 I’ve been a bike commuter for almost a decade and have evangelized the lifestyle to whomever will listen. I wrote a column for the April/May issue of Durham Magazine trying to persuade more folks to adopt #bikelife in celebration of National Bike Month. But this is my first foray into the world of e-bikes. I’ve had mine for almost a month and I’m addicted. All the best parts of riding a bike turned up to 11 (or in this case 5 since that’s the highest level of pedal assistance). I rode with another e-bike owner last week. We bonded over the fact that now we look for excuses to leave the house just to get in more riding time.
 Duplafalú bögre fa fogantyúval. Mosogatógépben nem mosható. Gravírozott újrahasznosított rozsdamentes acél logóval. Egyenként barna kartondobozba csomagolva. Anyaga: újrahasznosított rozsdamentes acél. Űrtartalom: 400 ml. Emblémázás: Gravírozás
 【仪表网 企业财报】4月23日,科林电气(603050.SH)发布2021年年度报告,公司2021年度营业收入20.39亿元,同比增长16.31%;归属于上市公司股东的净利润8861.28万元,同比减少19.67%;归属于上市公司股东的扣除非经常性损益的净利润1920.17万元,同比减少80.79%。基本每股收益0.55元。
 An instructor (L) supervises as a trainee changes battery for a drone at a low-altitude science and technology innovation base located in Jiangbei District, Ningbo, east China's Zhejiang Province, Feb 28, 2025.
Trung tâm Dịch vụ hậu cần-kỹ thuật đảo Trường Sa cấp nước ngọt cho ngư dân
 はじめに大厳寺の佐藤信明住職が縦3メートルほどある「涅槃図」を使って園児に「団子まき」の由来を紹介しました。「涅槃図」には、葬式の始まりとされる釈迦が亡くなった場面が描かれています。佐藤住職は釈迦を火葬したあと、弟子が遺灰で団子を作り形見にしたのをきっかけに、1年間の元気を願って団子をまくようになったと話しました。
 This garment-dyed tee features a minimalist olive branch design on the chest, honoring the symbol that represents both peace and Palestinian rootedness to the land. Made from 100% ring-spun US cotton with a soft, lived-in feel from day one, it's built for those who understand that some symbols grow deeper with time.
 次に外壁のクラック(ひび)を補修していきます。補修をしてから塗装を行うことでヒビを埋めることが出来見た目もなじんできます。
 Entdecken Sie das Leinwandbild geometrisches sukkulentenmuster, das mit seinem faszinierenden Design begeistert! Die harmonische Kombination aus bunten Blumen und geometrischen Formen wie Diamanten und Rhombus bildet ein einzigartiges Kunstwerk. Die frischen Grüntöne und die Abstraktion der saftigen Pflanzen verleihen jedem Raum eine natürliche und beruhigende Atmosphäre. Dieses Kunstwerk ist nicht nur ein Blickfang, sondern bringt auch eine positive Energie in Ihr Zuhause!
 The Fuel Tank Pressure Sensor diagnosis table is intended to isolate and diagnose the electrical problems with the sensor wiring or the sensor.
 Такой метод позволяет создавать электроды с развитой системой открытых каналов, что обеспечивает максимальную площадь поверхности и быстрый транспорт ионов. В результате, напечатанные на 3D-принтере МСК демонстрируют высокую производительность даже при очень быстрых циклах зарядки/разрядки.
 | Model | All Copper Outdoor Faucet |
──────
** Work task **
Retype all of the data exactly. Leave nothing out.

** Your response **
 I’ve been a bike commuter for almost a decade and have evangelized the lifestyle to whomever will listen. I wrote a column for the April/May issue of Durham Magazine trying to persuade more folks to adopt #bikelife in celebration of National Bike Month. But this is my first foray into the world of e-bikes. I’ve had mine for almost a month and I’m addicted. All the best parts of riding a bike turned up to 11 (or in this case 5 since that’s the highest level of pedal assistance). I rode with another e-bike owner last week. We bonded over the fact that now we look for excuses to leave the house just to get in more riding time.
 Duplafalú bögre fa fogantyúval. Mosogatógépben nem mosható. Gravírozott újrahasznosított rozsdamentes acél logóval. Egyenként barna kartondobozba csomagolva. Anyaga: újrahasznosított rozsdamentes acél. Űrtartalom: 400 ml. Emblémázás: Gravírozás
 【仪表网 企业财报】4月23日,科林电气(603050.SH)发布2021年年度报告,公司2021年度营业收入20.39亿元,同比增长16.31%;归属于上市公司股东的净利润8861.28万元,同比减少19.67%;归属于上市公司股东的扣除非经常性损益的净利润1920.17万元,同比减少80.79%。基本每股收益0.55元。
 An instructor (L) supervises as a trainee changes battery for a drone at a low-altitude science and technology innovation base located in Jiangbei District, Ningbo, east China's Zhejiang Province, Feb 28, 2025.
Trung tâm Dịch vụ hậu cần-kỹ thuật đảo Trường Sa cấp nước ngọt cho ngư dân
 はじめに大厳寺の佐藤信明住職が縦3メートルほどある「涅槃図」を使って園児に「団子まき」の由来を紹介しました。「涅槃図」には、葬式の始まりとされる釈迦が亡くなった場面が描かれています。佐藤住職は釈迦を火葬したあと、弟子が遺灰で団子を作り形見にしたのをきっかけに、1年間の元気を願って団子をまくようになったと話しました。
 This garment-dyed tee features a minimalist olive branch design on the chest, honoring the symbol that represents both peace and Palestinian rootedness to the land. Made from 100% ring-spun US cotton with a soft, lived-in feel from day one, it's built for those who understand that some symbols grow deeper with time.
 次に外壁のクラック(ひび)を補修していきます。補修をしてから塗装を行うことでヒビを埋めることが出来見た目もなじんできます。
 Entdecken Sie das Leinwandbild geometrisches sukkulentenmuster, das mit seinem faszinierenden Design begeistert! Die harmonische Kombination aus bunten Blumen und geometrischen Formen wie Diamanten und Rhombus bildet ein einzigartiges Kunstwerk. Die frischen Grüntöne und die Abstraktion der saftigen Pflanzen verleihen jedem Raum eine natürliche und beruhigende Atmosphäre. Dieses Kunstwerk ist nicht nur ein Blickfang, sondern bringt auch eine positive Energie in Ihr Zuhause!
 The Fuel Tank Pressure Sensor diagnosis table is intended to isolate and diagnose the electrical problems with the sensor wiring or the sensor.
 Такой метод позволяет создавать электроды с развитой системой открытых каналов, что обеспечивает максимальную площадь поверхности и быстрый транспорт ионов. В результате, напечатанные на 3D-принтере МСК демонстрируют высокую производительность даже при очень быстрых циклах зарядки/разрядки.
 | Model | All Copper Outdoor Faucet |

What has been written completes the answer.